Vue d'ensemble : du premier contact à la mise en service en Gironde
Passer à l'énergie solaire photovoltaïque en Gironde est une décision qui se prépare. Entre le premier appel téléphonique et le moment où vos panneaux injectent réellement de l'électricité sur le réseau, il faut compter en moyenne un à trois mois. Ce délai peut paraître long, mais il reflète la réalité administrative et technique d'un projet sérieux. Comprendre chaque étape à l'avance vous permet d'éviter les mauvaises surprises et de choisir sereinement votre installateur.
La Gironde bénéficie d'un ensoleillement favorable, avec environ 2 000 heures de soleil par an selon les données de Météo-France, et une production annuelle estimée entre 1 100 et 1 300 kWh par kWc installé selon l'orientation de votre toiture. Bordeaux, Libourne, Langon, Arcachon ou encore Pauillac présentent des conditions climatiques comparables, avec des variations locales liées à la proximité de l'estuaire et de l'océan Atlantique. Ces données techniques fondent le calcul de rentabilité de votre installation.
La timeline typique d'un projet en Gironde : étude de faisabilité (1 à 2 semaines), signature du devis et dépôt des dossiers administratifs (1 à 3 semaines), instruction de la déclaration préalable en mairie (1 mois), traitement de la demande de raccordement Enedis (2 à 6 semaines), pose (1 à 2 jours), Consuel (1 à 3 semaines), mise en service définitive. Prévoyez un total de 6 à 12 semaines dans les cas courants.
Étape 1 : L'étude de faisabilité
La visite technique sur votre toiture
L'étude de faisabilité est la pierre angulaire de tout projet solaire sérieux. Un bon installateur ne vous proposera jamais un devis à distance sans être venu sur place. Cette visite technique, généralement gratuite, lui permet d'analyser plusieurs paramètres déterminants pour la performance future de votre installation.

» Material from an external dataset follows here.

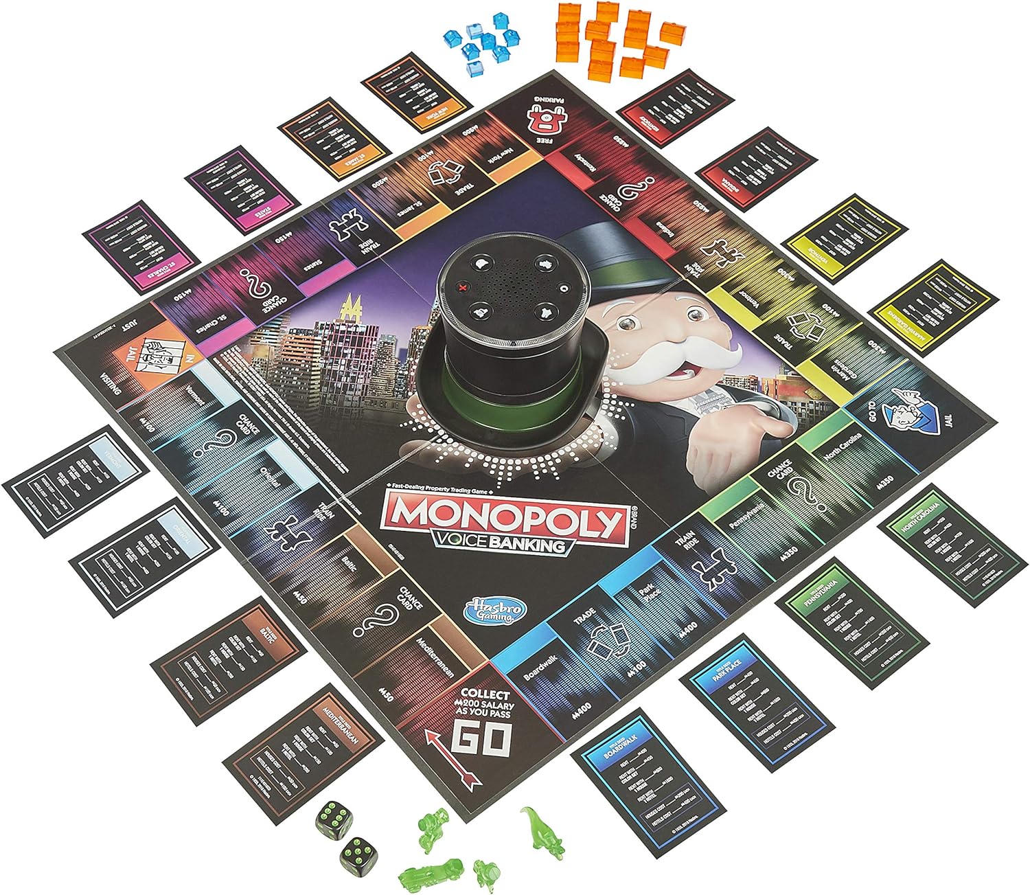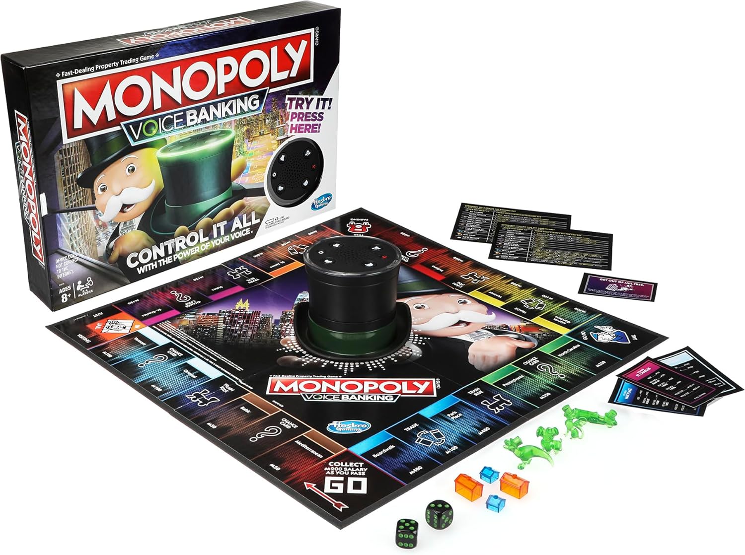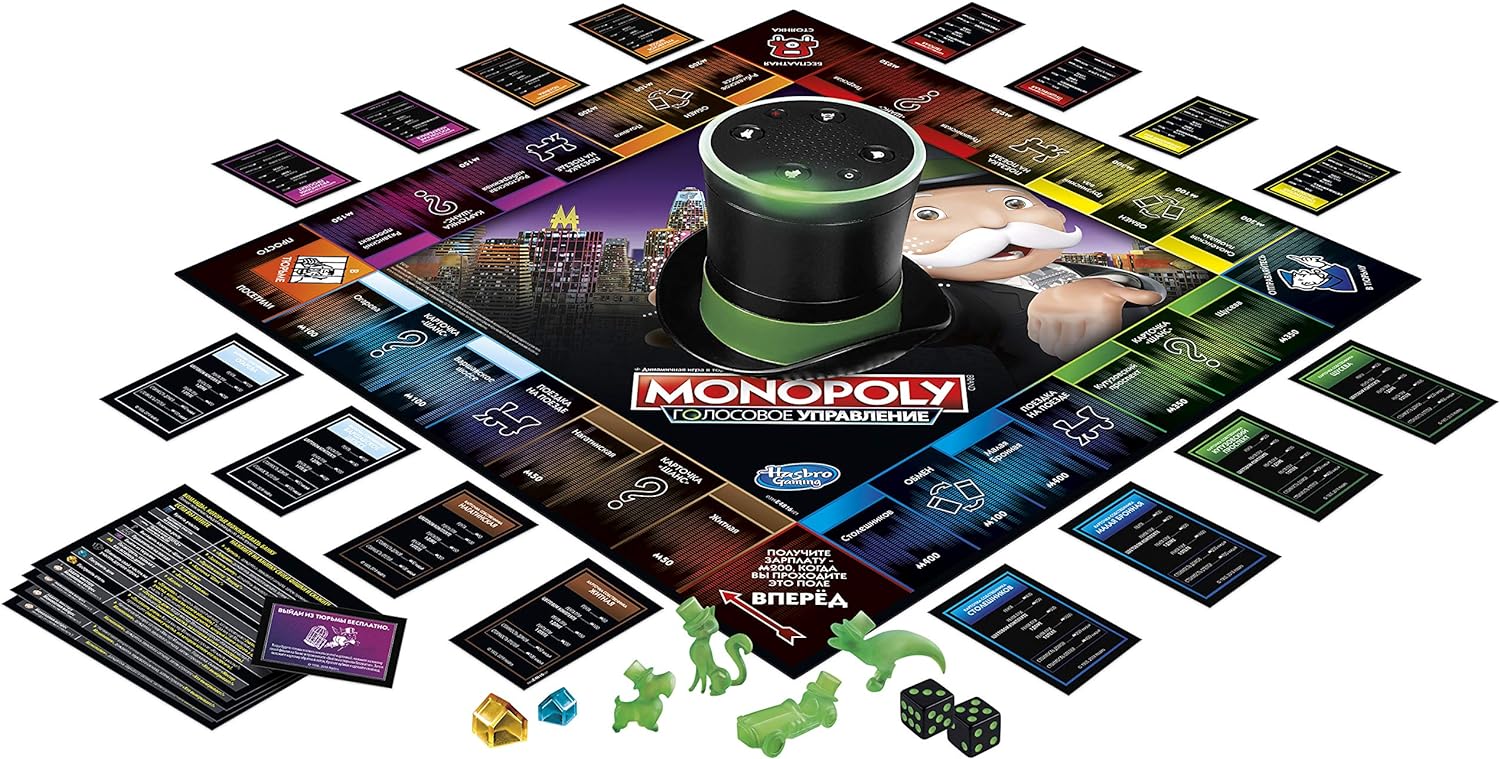 Monopoly meets voice recognition: In this electronic Monopoly voice banking game, Mr. Monopoly is the banker and manages players' money through his top hat.

L'orientation de votre toiture est le premier critère examiné. En Gironde, une toiture orientée plein sud avec une inclinaison entre 30 et 35 degrés offre les meilleures performances, atteignant 100 % du potentiel de production. Une orientation sud-est ou sud-ouest entraîne une perte de rendement de l'ordre de 5 à 15 %. À Bordeaux et dans le Médoc, de nombreuses maisons présentent des toitures à plusieurs pans qu'il faut analyser individuellement. Une orientation est-ouest avec deux pans de toiture peut d'ailleurs être avantageuse pour étaler la production sur une plus grande plage horaire.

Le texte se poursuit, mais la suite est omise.